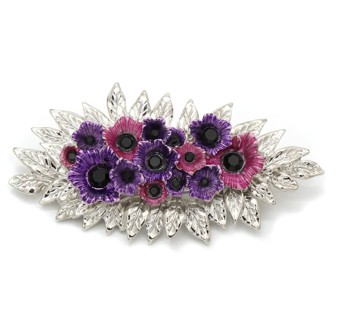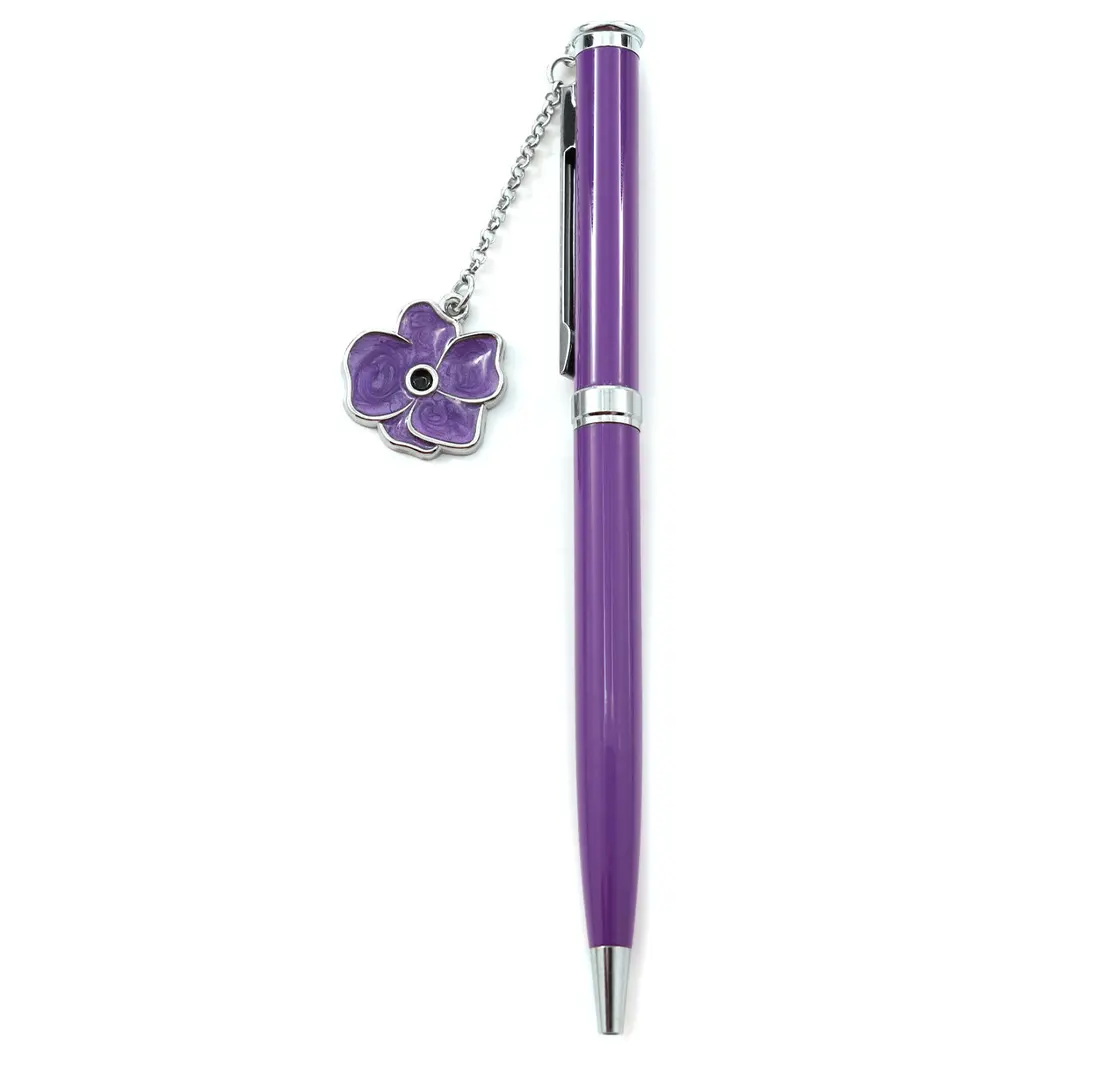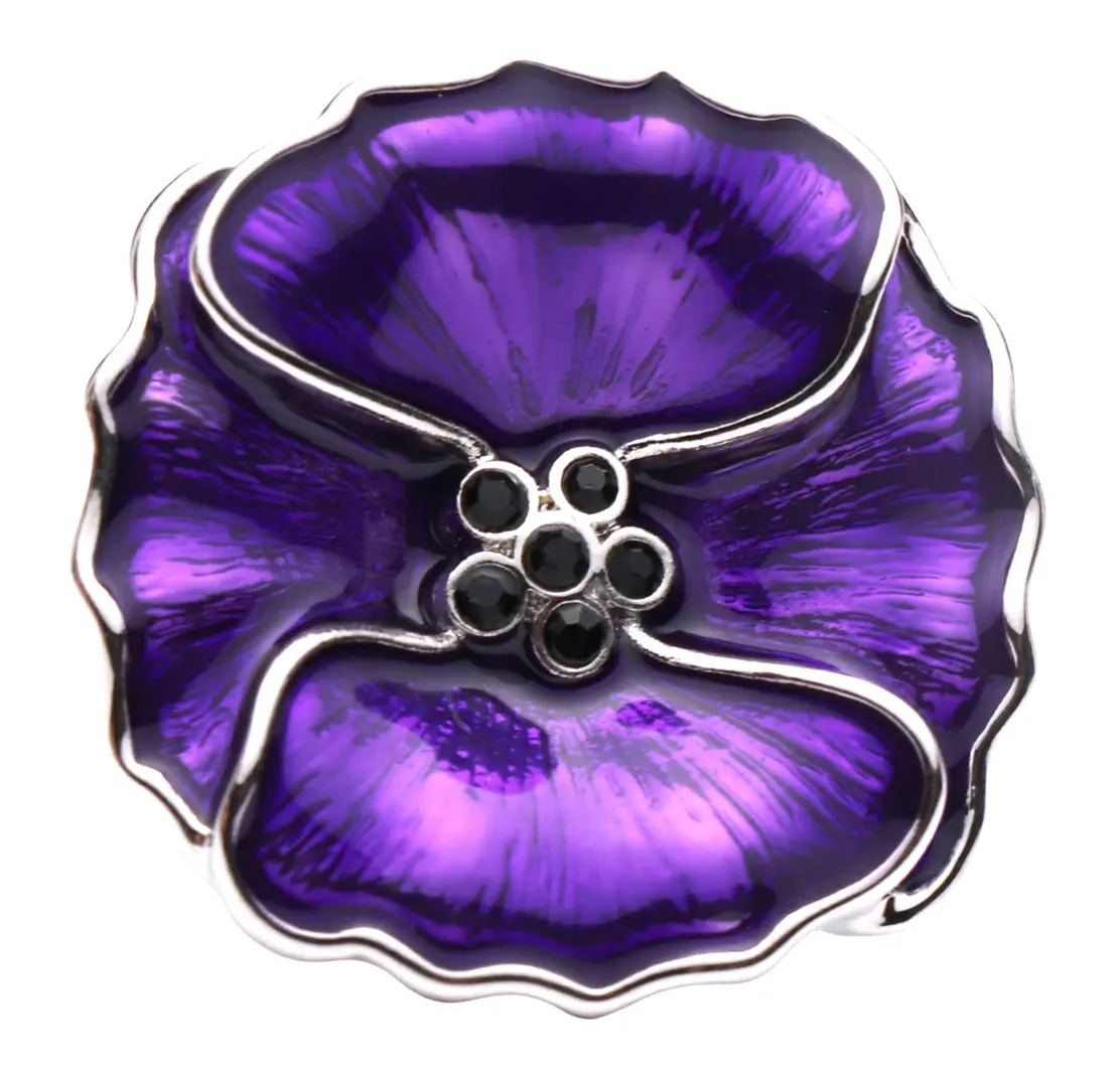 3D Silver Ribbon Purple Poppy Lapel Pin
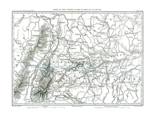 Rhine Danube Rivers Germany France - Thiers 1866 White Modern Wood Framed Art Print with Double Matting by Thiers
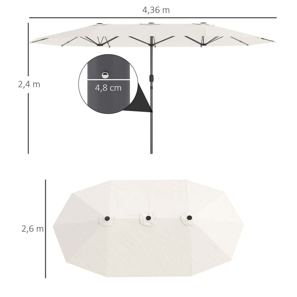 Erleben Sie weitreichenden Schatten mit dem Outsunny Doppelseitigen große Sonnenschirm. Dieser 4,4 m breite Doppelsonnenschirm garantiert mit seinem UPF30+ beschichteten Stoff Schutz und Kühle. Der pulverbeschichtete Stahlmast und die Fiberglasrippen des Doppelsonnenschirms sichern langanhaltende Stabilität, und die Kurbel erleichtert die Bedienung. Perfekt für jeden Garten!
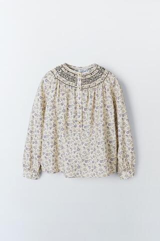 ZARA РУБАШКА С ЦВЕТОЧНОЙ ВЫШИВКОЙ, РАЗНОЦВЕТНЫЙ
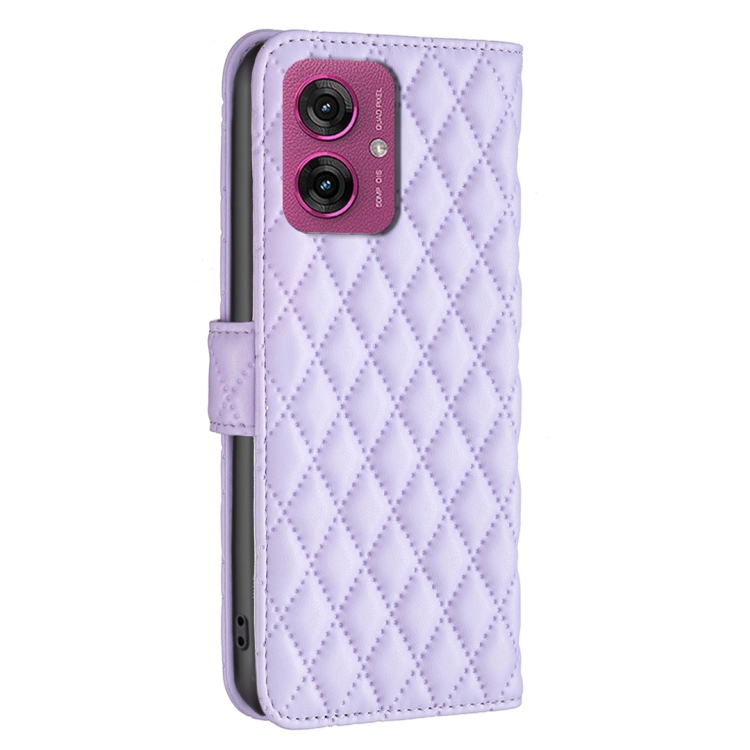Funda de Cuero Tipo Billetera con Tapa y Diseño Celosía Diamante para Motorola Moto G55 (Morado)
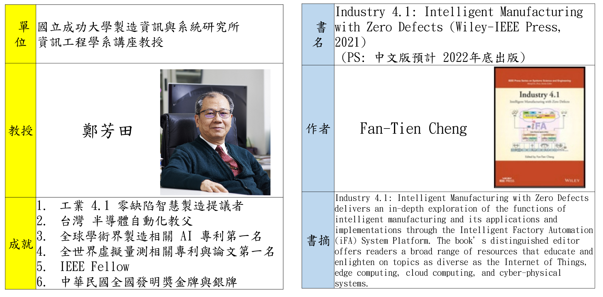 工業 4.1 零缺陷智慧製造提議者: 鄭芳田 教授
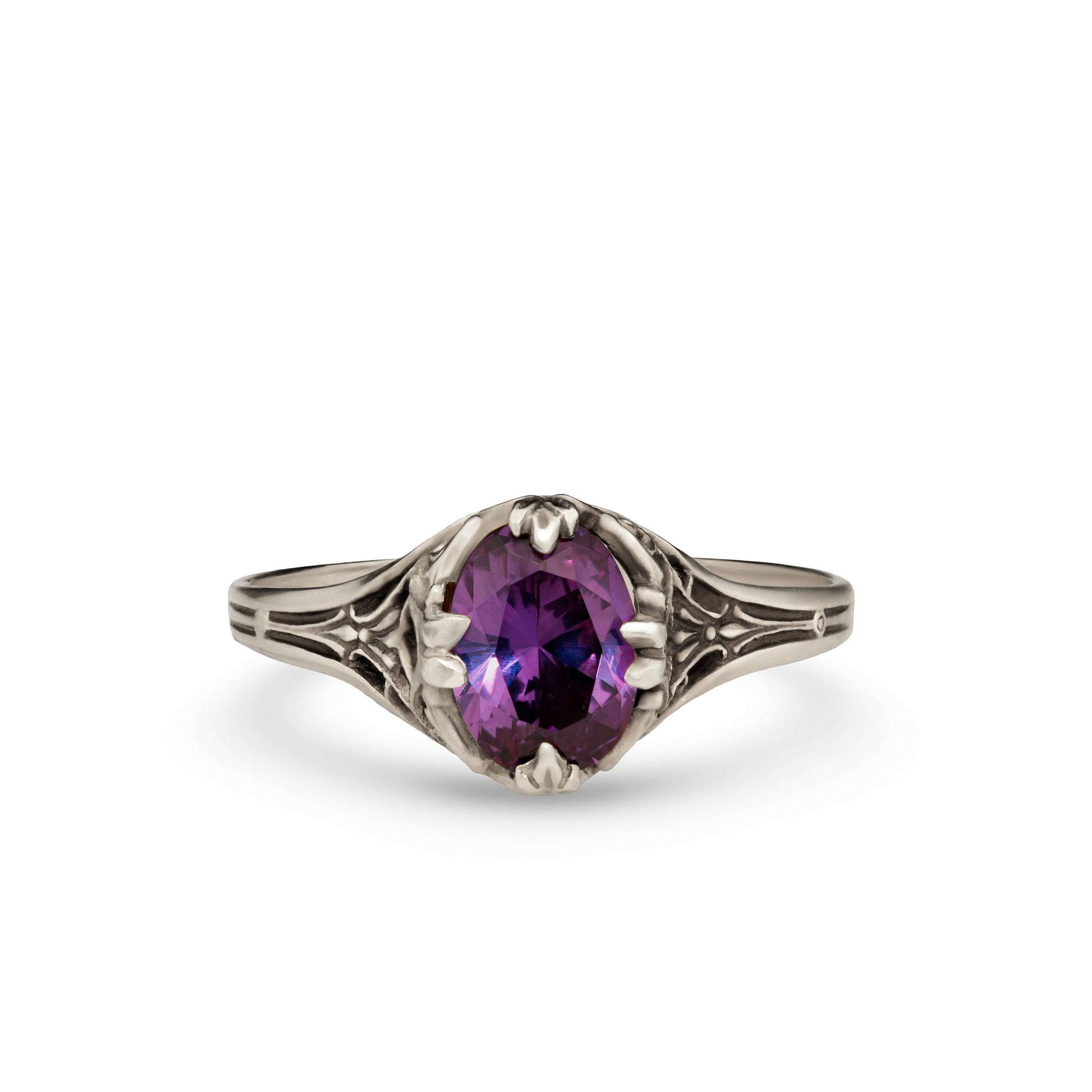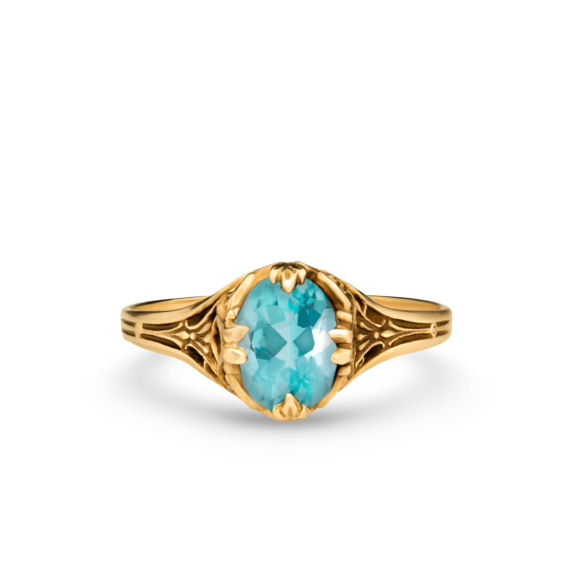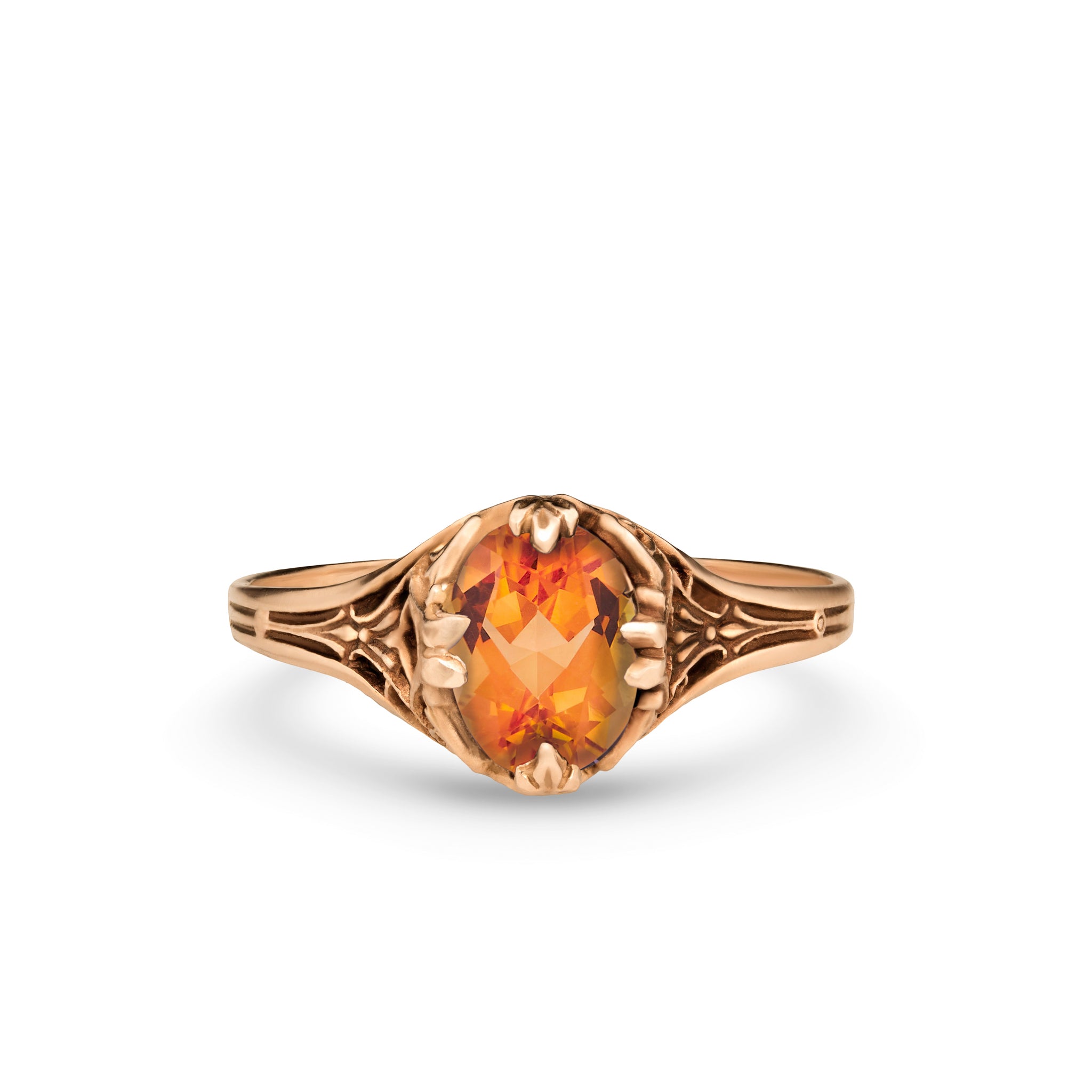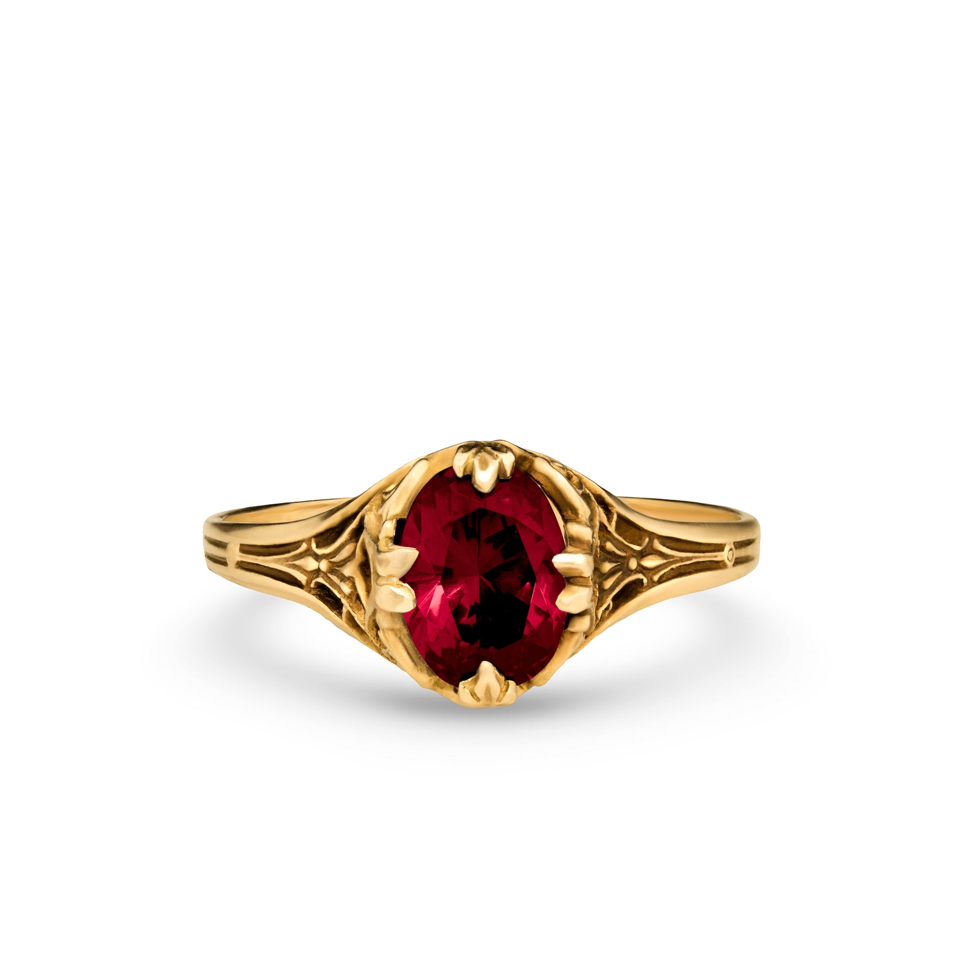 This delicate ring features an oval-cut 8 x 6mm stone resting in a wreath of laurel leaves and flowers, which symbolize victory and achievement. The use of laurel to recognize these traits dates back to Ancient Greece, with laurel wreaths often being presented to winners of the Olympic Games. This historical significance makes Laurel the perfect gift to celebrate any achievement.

━━━━━━━━━━━━━━━━

_Activity_
Please repeat, exactly and with nothing else, the lines from the one containing "工業 4.1 零缺陷智慧製造提議者: 鄭芳田 教授" to the last line of the entries, both included, excluding any pictures.

_Answer to the problem_
 工業 4.1 零缺陷智慧製造提議者: 鄭芳田 教授
 This delicate ring features an oval-cut 8 x 6mm stone resting in a wreath of laurel leaves and flowers, which symbolize victory and achievement. The use of laurel to recognize these traits dates back to Ancient Greece, with laurel wreaths often being presented to winners of the Olympic Games. This historical significance makes Laurel the perfect gift to celebrate any achievement.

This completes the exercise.